What Are the Business Regulations for Cannabis in Massachusetts?

The rules you need to prepare in the marijuana, hemp, and CBD space

Massachusetts has joined many other U.S. states in legalizing the recreational use of marijuana. As described by the Marijuana Policy Project (MPP), Massachusetts residents voted decisively in favor of Ballot Question 4 in 2016—putting the state on a path towards taxing and regulating the adult use of marijuana and related cannabis products.

In November 2018, the first adult use marijuana retail stores opened in Northampton. Since then, many other businesses have opened all around the state. The Massachusetts Cannabis Control Commission (CCC) has put a set of business regulations in place that companies must comply with if they are entering the marijuana/cannabis industry.

“A lot of people think, ‘How hard can it be selling pot?’” says Andrew D. Myers, an attorney with Davis, Malm & D’Agostine in Boston who advises cannabis businesses. “But it’s complicated and requires a lot of work.”

Here are four important items to have in place when you’re hoping to open a facility:

  1. Comply With the Real Estate Requirements

“The thing people need to think about first is their location,” Myers says. “Each town has different local ordinances that must be complied with. Some have banned it, so you have to find one that hasn’t. Second, some have limits on the number of recreational retail stores, so you have to check that. And third, you have to check the areas that are zoned for cannabis. Then you need to find a space that is reasonable within all those things.”

Finally, you need a host community agreement with the town. “That often involves a bit of negotiation with the mayor or town council or selectmen,” Myers says, adding that some municipalities also require a permitting process.

“It’s a bit of a chicken-and-egg problem,” he adds, “because before you file your application, you are supposed to have a commitment for a facility. You don’t want to make a commitment before you know you’re getting a license, and it can sometimes take a year or longer because they’re so inundated at the CCC. You’d like to have some wiggle room, but that can be a challenge.”

  1. Set Up Your Cannabis Business Corporate Structure

As a starting point, companies in the marijuana industry need to set up the proper corporate structure. Similar to other businesses, a company will simply not be able to thrive without the proper legal foundation.
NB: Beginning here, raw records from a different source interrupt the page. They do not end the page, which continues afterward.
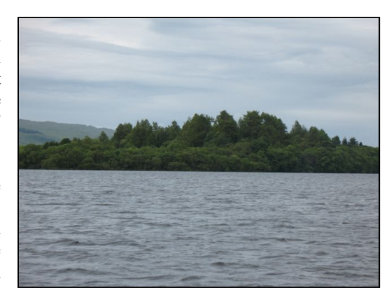
Figure 3. Inishail, Isle of the Dead, Loch Awe

The Clan MacNaghten fought in the Jacobite army supporting Charles and the Stuarts in this climactic battle; the Campbells supported the British government. Jacobites who were not killed in the battle were executed, imprisoned, transported to the colonies and banished. The clan system was destroyed, the clans were disarmed, and the kilt and the tartans were banned. Those who supported the British army were rewarded with titles and given confiscated lands.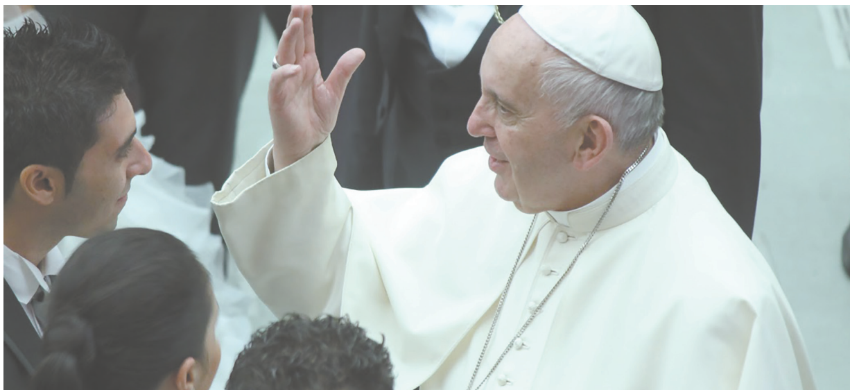
Vatican City - August 19, 2015. Pope Francis speaks with a newly married couple at the general audience in Paul VI Audience Hall on August 19, 2015.

“Love, trust and forgiveness are the three foundational decisions that Retrouvaille empowers couples to make in order to truly ‘bear wrongs patiently’ and ‘forgive all injuries,’” she said.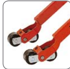
The tandem wheels have a brake effect and are not hostile to the floor.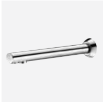
BINOPTIC long - L. 252mm

New lengths for more design possibilities!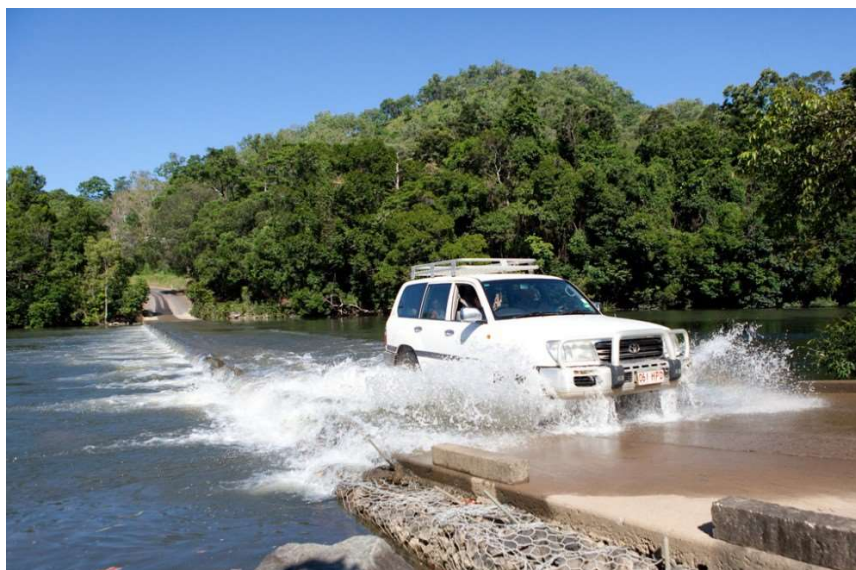
Old Bloomfield Causeway

This is especially important in the marijuana industry due to the strict regulatory requirements. If your company lacks the appropriate corporate structure, Massachusetts authorities may deny a license.

  1. Create a Viable Business Plan

You cannot apply for a cannabis business license in the Commonwealth of Massachusetts without a business plan. The CCC wants to see carefully documented evidence that your company has a viable (and legal) plan to operate in a manner that considers and protects public safety. Without a proper business plan and sufficient evidence of financial capital, you will not be permitted to obtain any type of marijuana license in Massachusetts. Business planning is essential for all cannabis industry companies.
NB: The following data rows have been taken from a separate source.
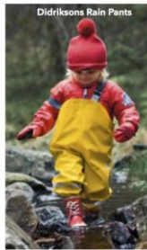
Didriksons Rain Pants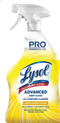
32oz Deep Clean All Spray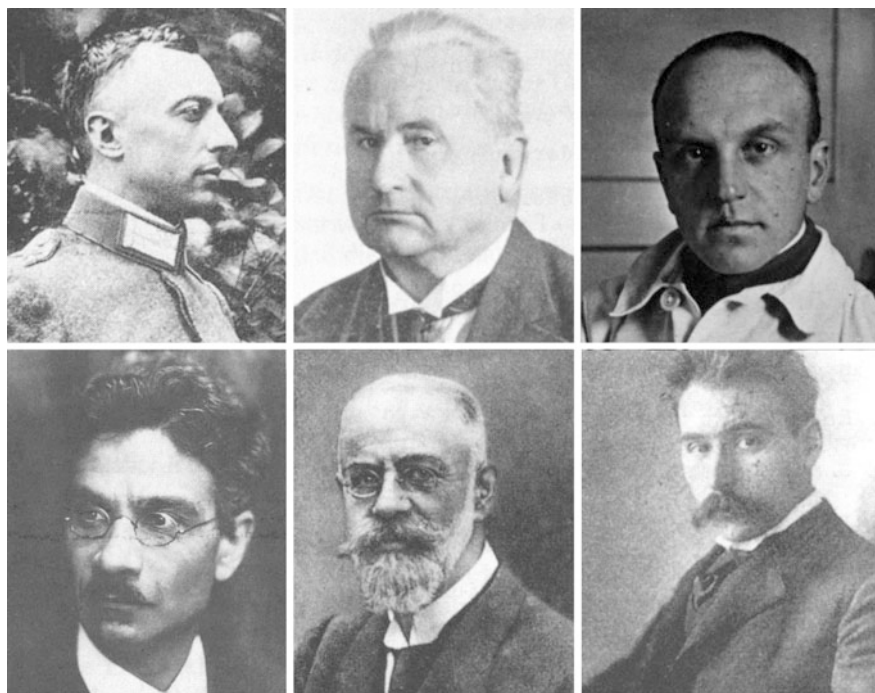
Fig. 6 Prominent heads of chemical warfare departments at Haber's KWI for Physical Chemistry and Electrochemistry when the institute was under military command. Clockwise from top left : Friedrich Kerschbaum, Ferdinand Flury, Heinrich Wieland, Reginald Oliver Herzog, Paul Friedländer, and Herbert Freundlich.

  1. Acquire the Appropriate Massachusetts Marijuana License

In Massachusetts, marijuana businesses must obtain the appropriate state license. Once a business plan is in place, a company can apply for a provisional marijuana license. The specific license that your firm needs to get will depend on the nature of your operation. For example, there are licenses available for cultivators, manufacturers, transporters, and retailers. In some cases, cannabis business operations are required to get more than one marijuana license.

How much capital you have access to will depend largely on your operation and what tier your fall into, Myers says. “One retail location is a completely different world from a cultivation facility or a processing or production facility. It varies, and if you use your capital wisely it can be less, but it’s still into six figures.”

The CCC’s policies and areas of interest sometimes evolve, Myers notes, but there is a comment process after applications are submitted where each business can address those areas of concern and resubmit for consideration.

“I think it’s important to have legal counsel review your application and help you file it, but it’s not absolutely necessary,” he adds. “Some people have business consultants who are willing to roll up their sleeves and dedicate a lot of time to getting it done and done properly, but you probably want one who has done this before.”